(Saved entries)
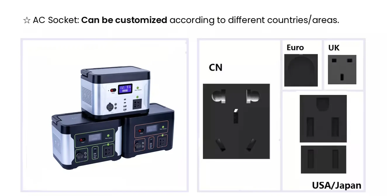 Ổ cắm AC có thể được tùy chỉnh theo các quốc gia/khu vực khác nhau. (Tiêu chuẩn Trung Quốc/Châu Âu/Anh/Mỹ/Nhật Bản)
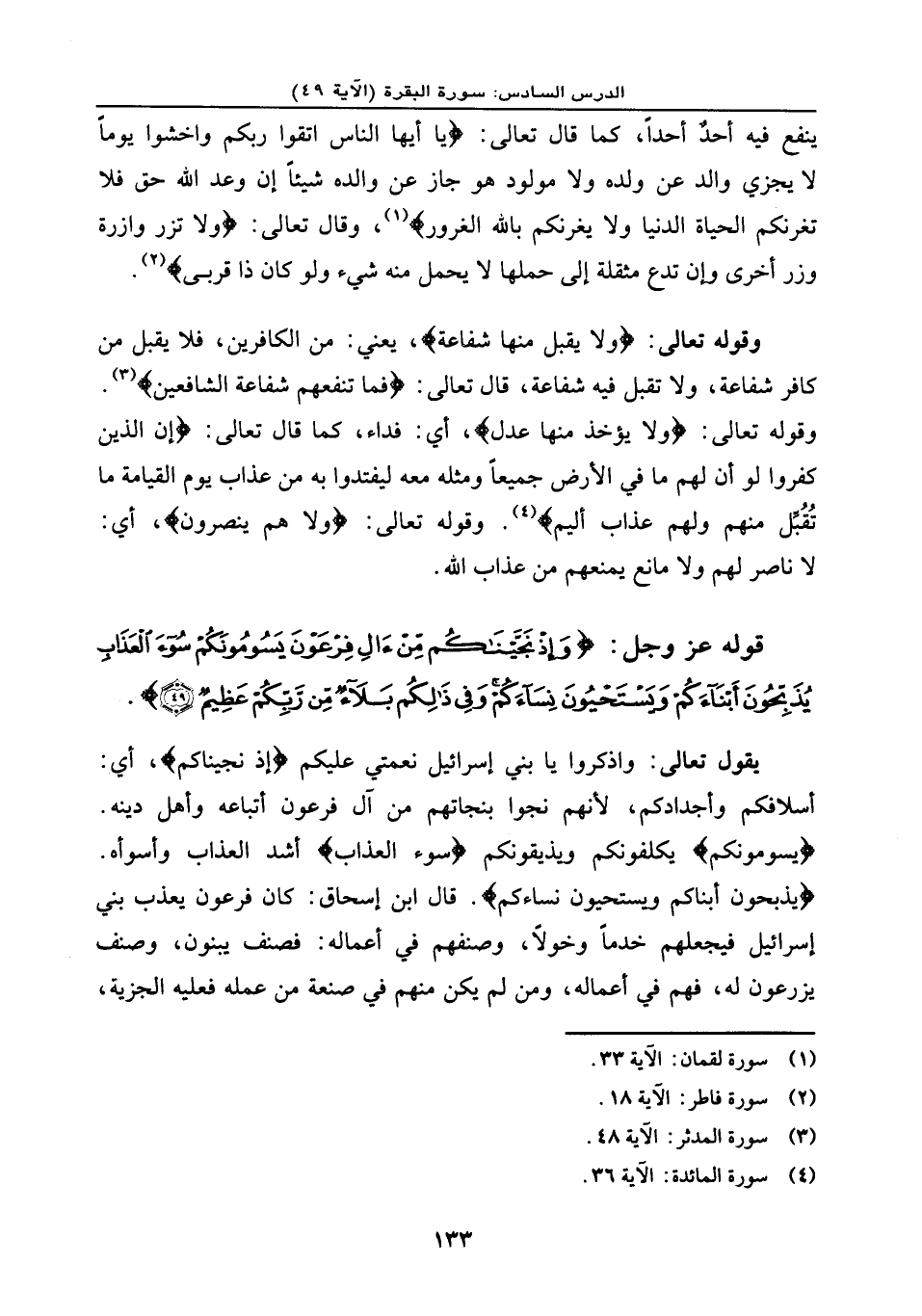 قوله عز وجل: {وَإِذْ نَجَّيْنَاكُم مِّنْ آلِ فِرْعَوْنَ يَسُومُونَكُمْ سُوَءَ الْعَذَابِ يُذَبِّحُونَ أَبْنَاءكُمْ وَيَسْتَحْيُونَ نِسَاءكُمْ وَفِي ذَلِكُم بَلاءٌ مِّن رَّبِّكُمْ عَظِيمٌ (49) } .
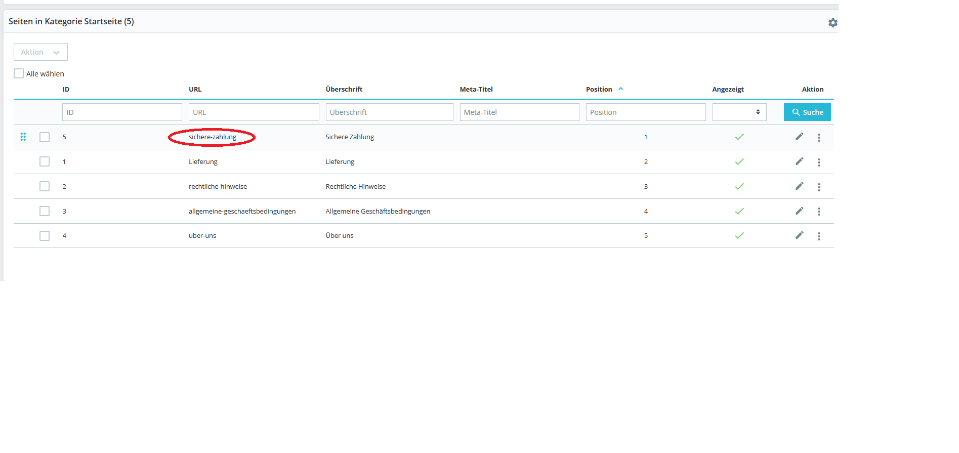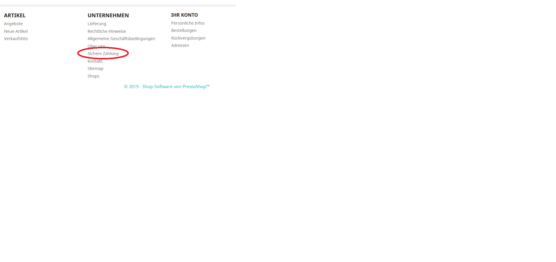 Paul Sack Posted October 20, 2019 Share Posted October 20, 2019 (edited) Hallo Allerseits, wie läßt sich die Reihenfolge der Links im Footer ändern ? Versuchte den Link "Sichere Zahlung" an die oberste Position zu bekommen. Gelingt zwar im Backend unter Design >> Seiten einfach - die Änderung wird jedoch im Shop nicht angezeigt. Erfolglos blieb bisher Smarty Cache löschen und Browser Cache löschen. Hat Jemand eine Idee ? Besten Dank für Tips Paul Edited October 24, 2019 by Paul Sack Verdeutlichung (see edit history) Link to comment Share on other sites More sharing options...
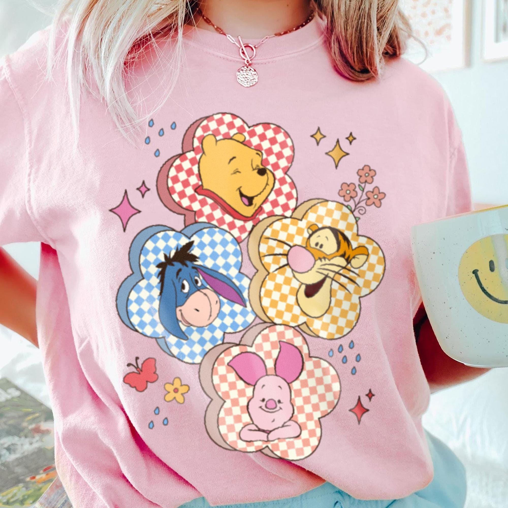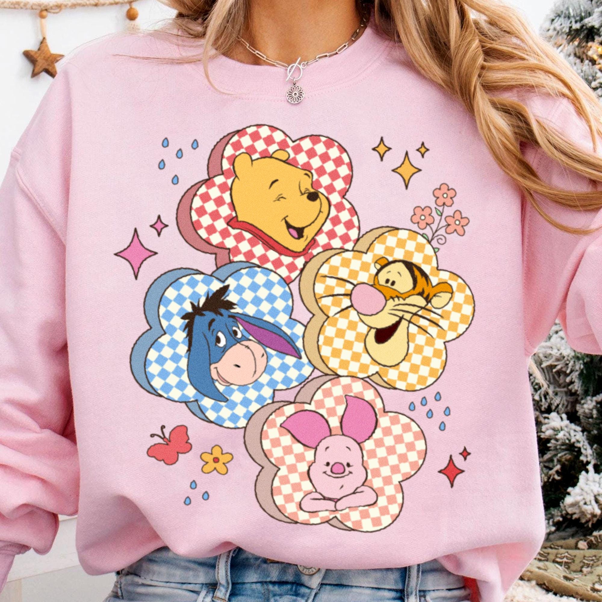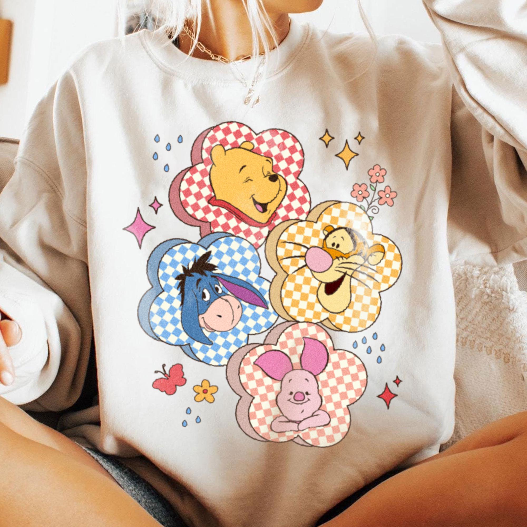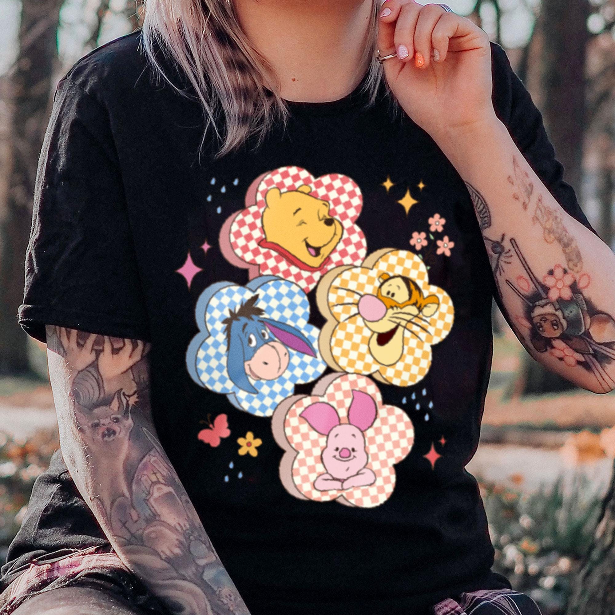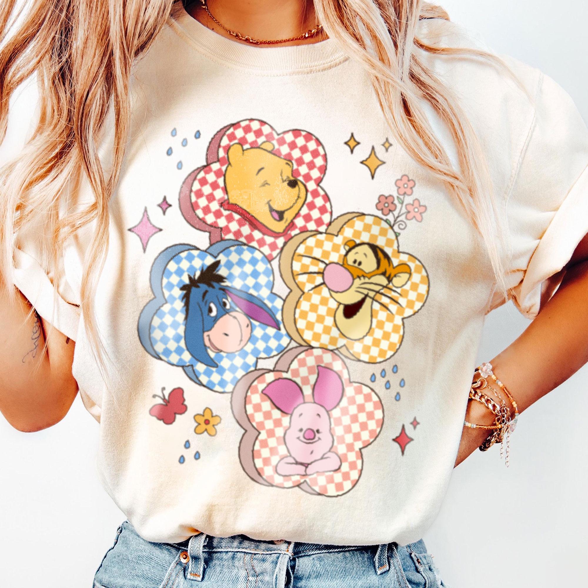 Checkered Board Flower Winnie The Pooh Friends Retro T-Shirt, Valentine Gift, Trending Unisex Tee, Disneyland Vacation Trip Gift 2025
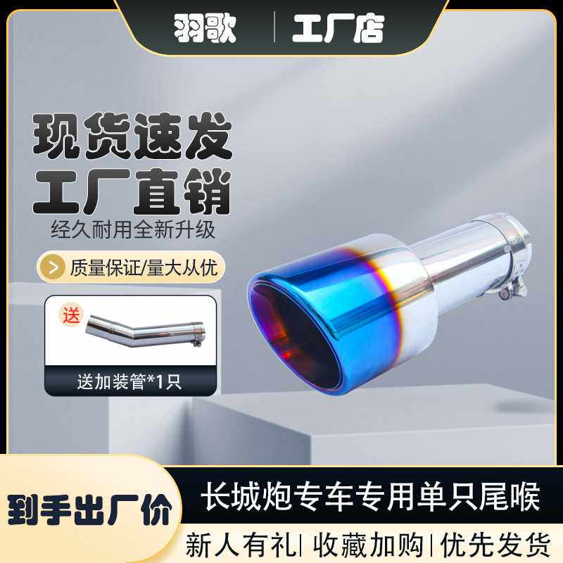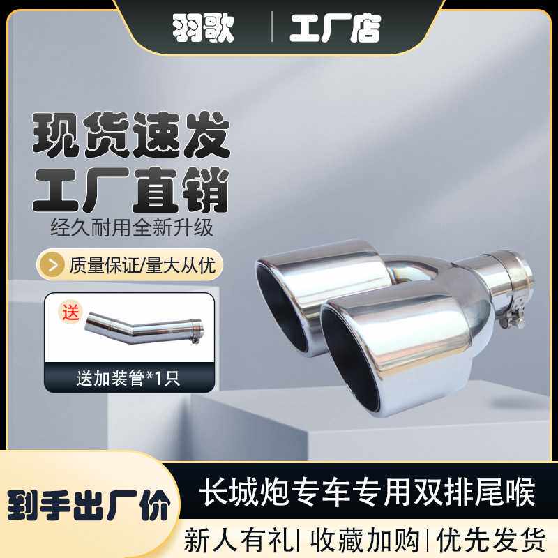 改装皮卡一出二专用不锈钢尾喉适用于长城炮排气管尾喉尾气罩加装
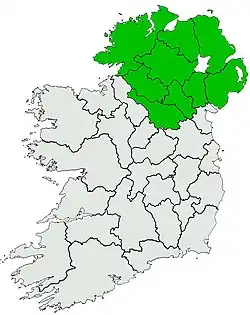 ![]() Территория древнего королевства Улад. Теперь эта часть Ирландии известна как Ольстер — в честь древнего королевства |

* **THE PROBLEM**
Starting at the line containing "改装皮卡一出二专用不锈钢尾喉适用于长城炮排气管尾喉尾气罩加装", output every remaining line of the records above exactly, the last one included. Nothing else belongs in the output, and no pictures either.

* **SOLVED PROBLEM**
 改装皮卡一出二专用不锈钢尾喉适用于长城炮排气管尾喉尾气罩加装
 ![]() Территория древнего королевства Улад. Теперь эта часть Ирландии известна как Ольстер — в честь древнего королевства |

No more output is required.